Another important case is when two consecutive points are identical. For example, moving from (2,2) to (2,2) requires zero seconds. Some implementations might incorrectly add one movement step or mishandle zero differences. Here, both dx and dy become 0, so max(dx, dy) is also 0.

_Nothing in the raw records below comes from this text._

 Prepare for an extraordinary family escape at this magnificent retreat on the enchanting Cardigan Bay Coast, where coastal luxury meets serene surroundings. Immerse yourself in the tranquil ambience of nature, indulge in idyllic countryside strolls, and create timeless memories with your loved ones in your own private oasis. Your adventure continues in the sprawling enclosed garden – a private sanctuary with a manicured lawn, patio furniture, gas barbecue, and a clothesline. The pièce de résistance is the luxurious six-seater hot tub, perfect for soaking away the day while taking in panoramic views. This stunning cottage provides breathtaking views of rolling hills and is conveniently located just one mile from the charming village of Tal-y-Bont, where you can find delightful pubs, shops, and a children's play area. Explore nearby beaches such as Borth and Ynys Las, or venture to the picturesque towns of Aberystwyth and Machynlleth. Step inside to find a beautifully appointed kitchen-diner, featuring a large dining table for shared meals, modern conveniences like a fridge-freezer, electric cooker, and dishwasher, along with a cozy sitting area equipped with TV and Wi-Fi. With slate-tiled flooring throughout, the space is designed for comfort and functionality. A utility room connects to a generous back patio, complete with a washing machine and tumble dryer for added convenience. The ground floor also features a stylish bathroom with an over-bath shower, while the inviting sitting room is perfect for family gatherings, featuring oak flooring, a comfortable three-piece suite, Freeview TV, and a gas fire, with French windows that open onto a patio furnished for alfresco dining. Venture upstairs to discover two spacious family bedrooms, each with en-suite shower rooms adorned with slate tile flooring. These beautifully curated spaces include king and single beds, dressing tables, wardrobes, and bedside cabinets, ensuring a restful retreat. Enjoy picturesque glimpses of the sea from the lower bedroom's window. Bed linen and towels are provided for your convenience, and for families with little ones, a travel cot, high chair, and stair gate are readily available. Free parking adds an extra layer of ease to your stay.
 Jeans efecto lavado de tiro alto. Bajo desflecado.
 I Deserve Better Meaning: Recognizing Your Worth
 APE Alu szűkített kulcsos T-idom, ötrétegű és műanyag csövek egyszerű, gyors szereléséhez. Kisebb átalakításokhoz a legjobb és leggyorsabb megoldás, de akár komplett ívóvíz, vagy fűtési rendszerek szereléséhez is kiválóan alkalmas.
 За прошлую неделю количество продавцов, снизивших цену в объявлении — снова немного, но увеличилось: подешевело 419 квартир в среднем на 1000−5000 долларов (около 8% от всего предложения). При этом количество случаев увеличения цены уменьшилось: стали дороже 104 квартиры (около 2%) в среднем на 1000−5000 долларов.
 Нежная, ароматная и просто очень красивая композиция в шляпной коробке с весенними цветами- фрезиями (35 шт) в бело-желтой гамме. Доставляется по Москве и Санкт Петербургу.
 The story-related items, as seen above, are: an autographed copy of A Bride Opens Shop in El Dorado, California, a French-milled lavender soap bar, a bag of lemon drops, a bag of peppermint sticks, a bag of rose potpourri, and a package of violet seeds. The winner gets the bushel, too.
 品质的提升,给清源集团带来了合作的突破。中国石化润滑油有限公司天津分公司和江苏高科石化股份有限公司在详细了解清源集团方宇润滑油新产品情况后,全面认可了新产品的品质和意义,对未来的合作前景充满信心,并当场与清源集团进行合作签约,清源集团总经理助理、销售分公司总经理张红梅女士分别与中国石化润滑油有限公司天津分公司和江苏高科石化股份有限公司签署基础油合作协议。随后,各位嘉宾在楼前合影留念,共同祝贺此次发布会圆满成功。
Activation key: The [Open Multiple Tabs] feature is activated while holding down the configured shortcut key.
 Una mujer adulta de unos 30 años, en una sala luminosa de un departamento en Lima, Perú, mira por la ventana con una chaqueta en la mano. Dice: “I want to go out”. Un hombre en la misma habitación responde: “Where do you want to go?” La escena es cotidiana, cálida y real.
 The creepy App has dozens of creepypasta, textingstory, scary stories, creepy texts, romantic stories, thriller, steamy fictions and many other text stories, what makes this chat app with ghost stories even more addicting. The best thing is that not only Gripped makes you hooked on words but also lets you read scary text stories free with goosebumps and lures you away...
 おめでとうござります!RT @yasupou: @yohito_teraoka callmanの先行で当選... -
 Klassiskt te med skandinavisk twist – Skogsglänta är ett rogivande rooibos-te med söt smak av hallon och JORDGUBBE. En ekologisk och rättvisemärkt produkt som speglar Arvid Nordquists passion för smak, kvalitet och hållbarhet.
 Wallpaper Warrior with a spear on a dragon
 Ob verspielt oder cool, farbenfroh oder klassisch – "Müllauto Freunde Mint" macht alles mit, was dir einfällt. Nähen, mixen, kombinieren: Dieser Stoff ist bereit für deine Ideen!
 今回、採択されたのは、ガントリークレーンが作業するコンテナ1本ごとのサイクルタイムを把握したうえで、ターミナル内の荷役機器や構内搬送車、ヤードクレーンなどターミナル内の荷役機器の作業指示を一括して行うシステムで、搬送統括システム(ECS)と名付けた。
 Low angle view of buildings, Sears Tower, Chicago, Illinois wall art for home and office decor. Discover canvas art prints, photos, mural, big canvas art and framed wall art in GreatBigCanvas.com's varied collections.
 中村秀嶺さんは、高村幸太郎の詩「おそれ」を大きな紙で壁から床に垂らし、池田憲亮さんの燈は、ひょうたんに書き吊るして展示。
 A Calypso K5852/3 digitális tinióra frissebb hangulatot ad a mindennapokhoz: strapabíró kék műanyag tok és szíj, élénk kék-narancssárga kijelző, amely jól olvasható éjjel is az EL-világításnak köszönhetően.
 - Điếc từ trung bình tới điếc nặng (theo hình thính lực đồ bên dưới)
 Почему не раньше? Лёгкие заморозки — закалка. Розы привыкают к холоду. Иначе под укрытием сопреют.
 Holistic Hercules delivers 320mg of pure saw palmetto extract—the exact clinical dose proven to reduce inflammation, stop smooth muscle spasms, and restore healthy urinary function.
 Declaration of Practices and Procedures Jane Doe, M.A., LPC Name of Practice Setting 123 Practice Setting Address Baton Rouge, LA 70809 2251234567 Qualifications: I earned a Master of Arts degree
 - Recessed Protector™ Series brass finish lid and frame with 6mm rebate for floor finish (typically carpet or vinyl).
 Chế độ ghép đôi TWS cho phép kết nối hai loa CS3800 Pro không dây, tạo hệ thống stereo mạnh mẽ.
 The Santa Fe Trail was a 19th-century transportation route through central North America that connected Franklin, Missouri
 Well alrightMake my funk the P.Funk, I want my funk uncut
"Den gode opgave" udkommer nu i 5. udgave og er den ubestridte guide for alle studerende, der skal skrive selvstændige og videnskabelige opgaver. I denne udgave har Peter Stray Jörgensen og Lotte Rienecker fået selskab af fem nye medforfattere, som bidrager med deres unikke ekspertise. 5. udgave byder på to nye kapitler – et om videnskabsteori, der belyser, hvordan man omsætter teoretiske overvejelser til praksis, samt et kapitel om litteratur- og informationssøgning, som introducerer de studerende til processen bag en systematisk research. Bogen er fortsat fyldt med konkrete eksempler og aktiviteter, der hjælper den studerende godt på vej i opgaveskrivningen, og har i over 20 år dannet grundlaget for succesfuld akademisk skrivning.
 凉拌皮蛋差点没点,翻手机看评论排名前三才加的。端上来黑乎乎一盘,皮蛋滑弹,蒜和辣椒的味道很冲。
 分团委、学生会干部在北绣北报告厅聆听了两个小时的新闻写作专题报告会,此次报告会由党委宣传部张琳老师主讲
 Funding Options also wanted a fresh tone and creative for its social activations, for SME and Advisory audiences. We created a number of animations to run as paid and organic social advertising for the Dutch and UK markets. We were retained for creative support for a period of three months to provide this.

A third important edge case occurs when movement is purely horizontal or purely vertical. For example, moving from (0,0) to (0,5) allows no diagonal movement because the x coordinate is already aligned. The formula still works correctly because the maximum difference equals the number of required straight moves.
Negative coordinates are another potential source of bugs. Since the solution always uses absolute differences, coordinate signs do not matter. Moving from (-3,-2) to (1,4) is handled exactly the same way as movement between positive coordinates.